▶ _DATA SHOWN_:
......

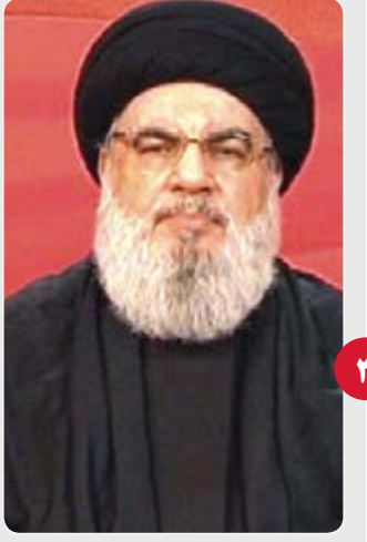
«تهدید ترسناک» نصرا... جنوب لبنان گورستان تانک‌های رژیم صهیونیستی خواهد شد
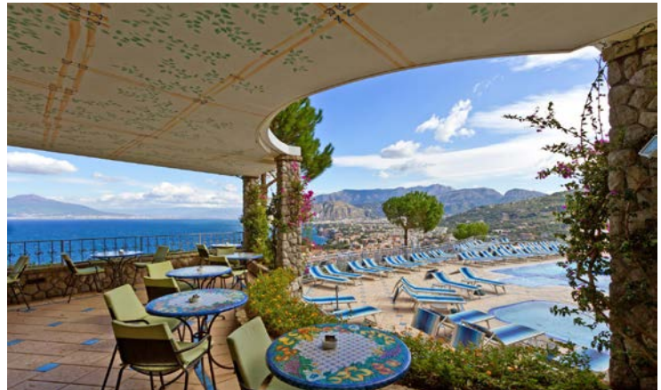
Traumhafter Ausblick von der Poolbar
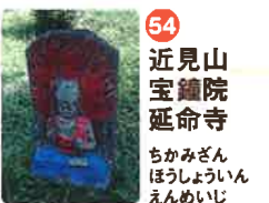
54 近見山 宝鏡院 延命寺 ちかみざん ほうきやういん えんめいじ

......

▶ _TASK GOAL_: Repeat the whole listing above word for word. Leave out the pictures.

▶ _YOUR RESPONSE_:
«تهدید ترسناک» نصرا... جنوب لبنان گورستان تانک‌های رژیم صهیونیستی خواهد شد
Traumhafter Ausblick von der Poolbar
54 近見山 宝鏡院 延命寺 ちかみざん ほうきやういん えんめいじ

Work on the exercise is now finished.